As a gay man, it’s wrong for Phillip Schofield to claim this backlash is homophobic
There are many reasons why Schofield is under fire, but his sexuality isn’t one of them
“Attraction is attraction. It’s no different in the gay world as it is in the heterosexual world or in the lesbian world. There shouldn’t be a difference, this is where homophobia comes in,” Phillip Schofield has today said in his 43 minute long interview with the BBC about what is arguably the biggest scandal in the entertainment industry for years. “We did first meet when he was 15. I visited the drama school [he attended], so yeah, there’s a difference, it’s accepted by Leonardo DiCaprio, but it’s not accepted if it’s in the gay world,” Phillip Schofield continued – and as a fellow member of the same LGBTQ community as Schofe, hearing him shunt some of this backlash as homophobic is hurtful and diminishing to what we go through on a daily basis.
This Pride Month is more important than ever
As a gay man, and I assume Phillip Schofield will know this as well as I do, I can feel it everywhere I go now that homophobic behaviour in this current climate is on the rise.
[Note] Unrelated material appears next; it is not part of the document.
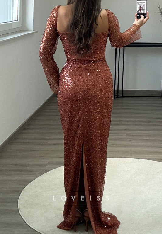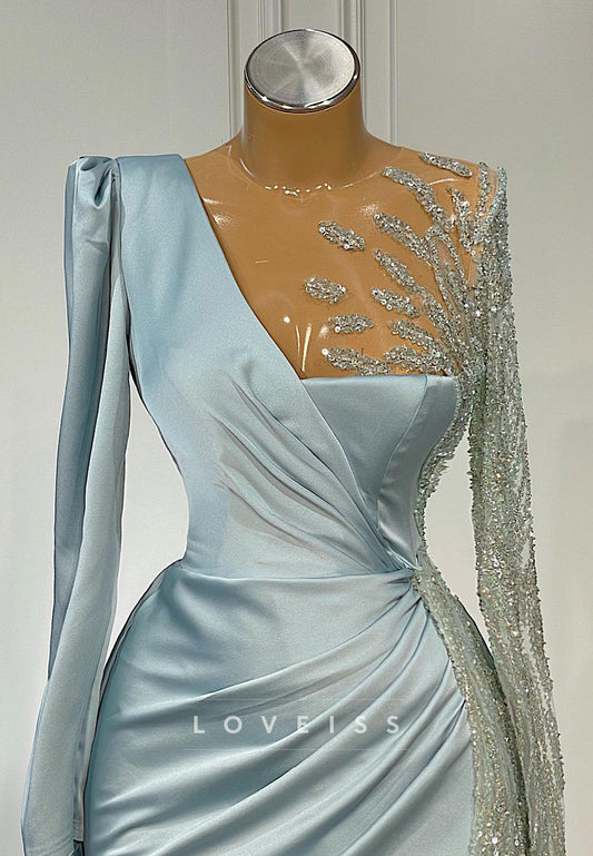 One Shoulder Long Sleeves Formal Dress Sheath Evening Dress

LGBTQ people are on the back foot, as the right continue to pounce on the rights of trans people that’s slowly spilling down to attacking drag queens and major pop stars like Sam Smith for their femininity. I remember how great it felt to be queer through the 2010s as Drag Race got mainstream, high profile celebrities were accepted for being transgender – now it feels like the media are acting like queerness was invented last year and transgender people using the toilets of the gender they identify as is a new request.
This is why it hurts when Phillip Schofield states the backlash to his affair with the young male runner as homophobic. Nobody is resenting what he did because it was with another man – people are angry at the lies, the abuse of power and the age difference.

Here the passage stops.